I’m also sure there’s another one that says, “Get Hoopla and Kanopy.”
Bold denotes that people are ramping up the reminders, probably.
And for all the kind folks here who have been leaving comments periodically about the merits of, you know, using your library card to get two streaming sites that have — pause for effect — tons of great shit on them, yeah, you were right.
When my partner watched “Past Lives” — yes, without me, because she’s super impatient — I endured weeks of “You have to see ‘Past Lives’ because you’re going to love it.”
Last week, up in Portland, I finally decided to find it and watch it. You know, stream it on one of the platforms I’m paying for, which is theoretically at least partly why I’m paying for them.
I got some wine, I settled in and….yeah, not there.
It’s on Hoopla, though.
OR:
Ah, Hoopla, that thing I didn’t have because like most people in this country — who even have one in the first place — I couldn’t tell you where my library card is or what library in what city it’s attached to.

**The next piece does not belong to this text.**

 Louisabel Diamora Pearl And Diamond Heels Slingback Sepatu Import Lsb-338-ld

One of the commenters mentioned in a past column that I should consider getting a digital library card from the San Francisco Public Library — anyone in California can, apparently, and they have deep vaults of good books and titles. So I did (or tried), but it still required me to come in to get the actual library card in person to activate it. In that moment I was here, and here is Portland for right now.
So I walked to my local Portland library. No, I was not turned away or maligned for being from California with a California driver’s license. I had filled out an application online the night before and walked in right after I had yet another outstanding meal in Portland’s Eater Paradise, and the library was just sitting right there.

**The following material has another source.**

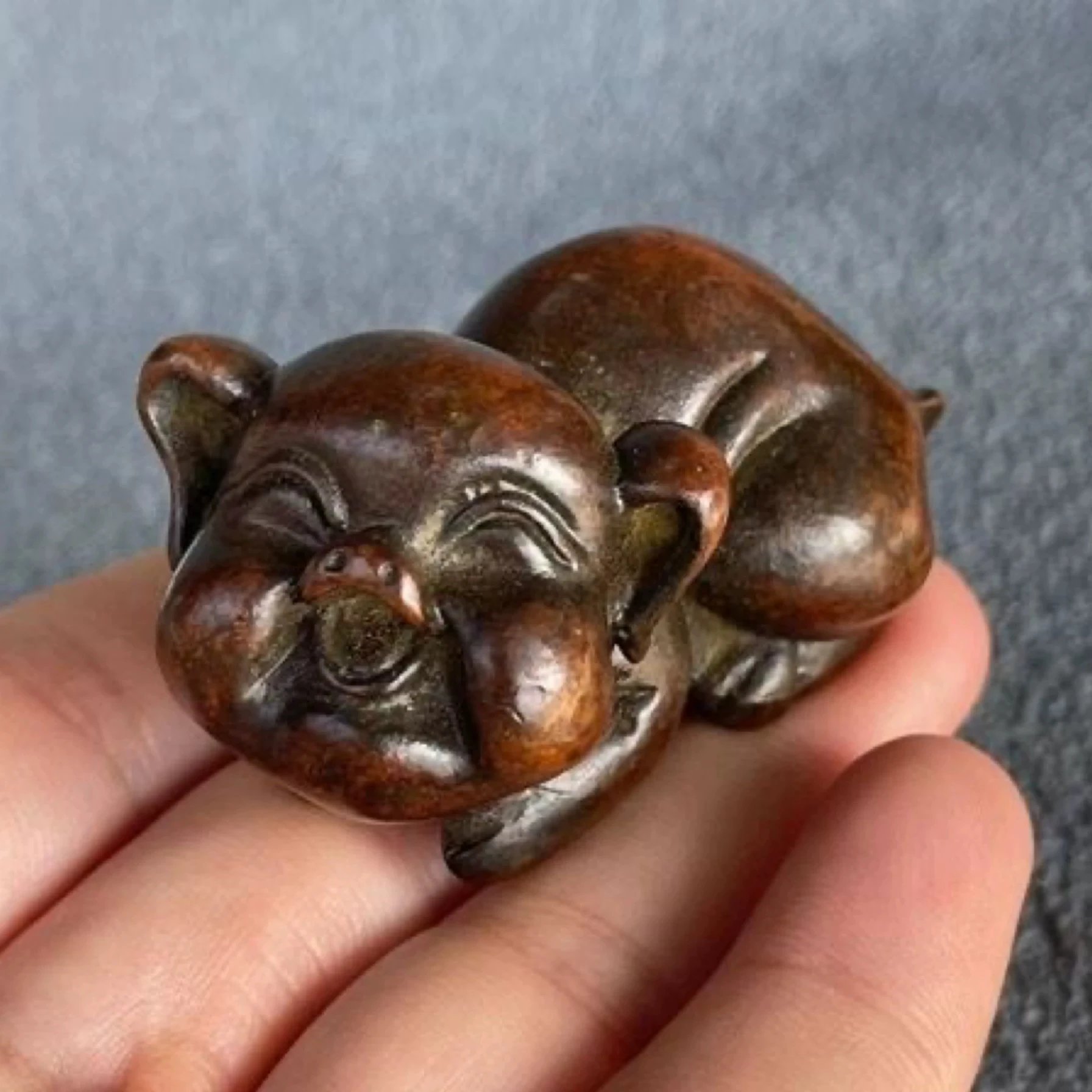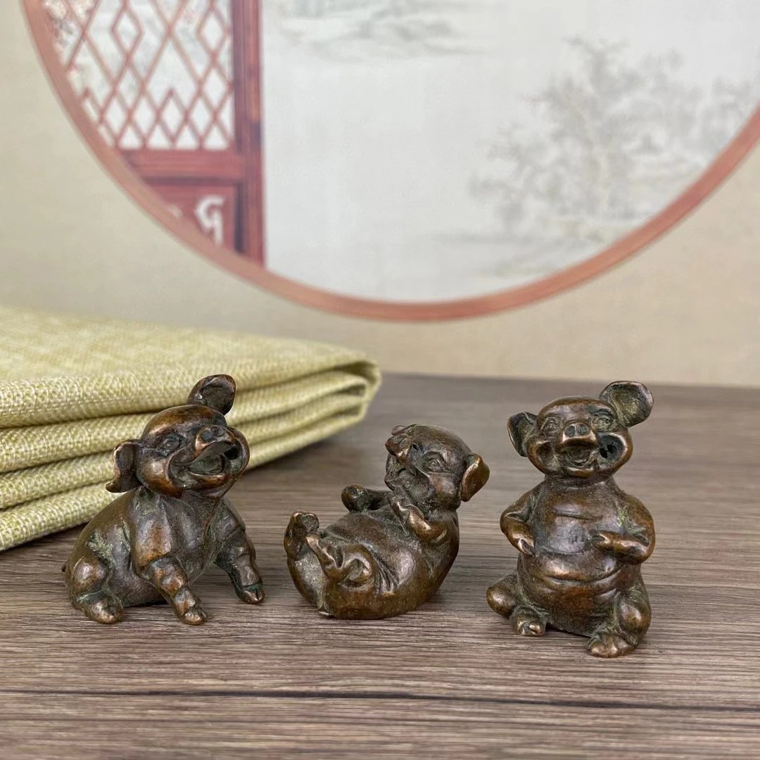 レトロな中実の包みの銅の鋳造のブタの置物の銅のブタの鎮紙の茶の寵愛の手の件は古い工芸品の金属の骨董品をまねます。

So, hi, I said, and about one minute later had a library card.
Last night I downloaded Hoopla and Kanopy — two free streaming services to anyone with a library card — and, well, yeah. I should have done this a very long time ago.
To everyone who said so, you were right.
To everyone who reads this and goes and gets a library card or already has one and gets Hoopla and Kanopy, you too will soon be telling me I was right.

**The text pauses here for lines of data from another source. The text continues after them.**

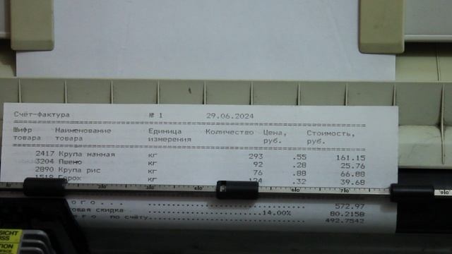 Печать счёта-фактуры из SC4 на матричном принтере Star ZA-250EE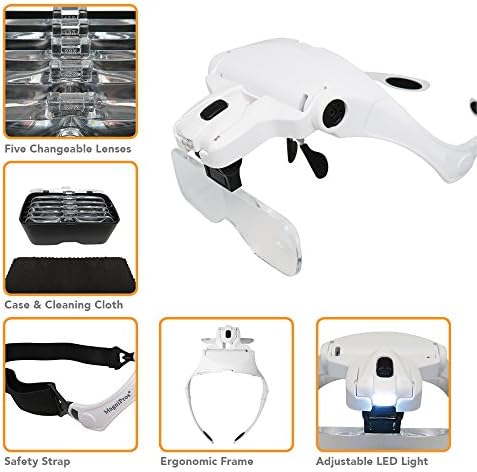 MagniPros LED Illuminated Headband Magnifier Visor with Bonus Cleaning Cloth and 5 Detachable Lenses 1X, 1.5X, 2X, 2.5X 3.5X – (Upgraded Version) Hands-Free Head Worn Lighted Magnifying Glass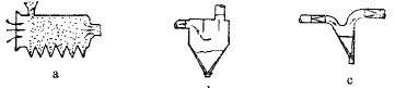 圖1(a)和(e)表示的是在上升氣流中進行的分級器。前者得兩種產(chǎn)物;后面一種,物料從上,氣流從下部供入,可得三產(chǎn)物。

I have spent the day just marveling at the options on both of these free services, a delightful exercise in our current moment of everyone losing their shit and writing Hot Take after Hot Take about the buzz over “bundling” and how the streaming world is going to come full circle and be just like cable (um, no, a hundred times no).
I see “Past Lives” on Hoopla. And “The Whale,” and “Everything Everywhere All At Once,” and “Marcel” — all of them from A24, the cult-like studio that has its own app plus launched a deal with Max. Of those titles, I’ve only seen “Everything Everywhere All At Once.” Seems like a good value for free. Especially because I want to watch “Everything Everywhere All At Once” over and over again.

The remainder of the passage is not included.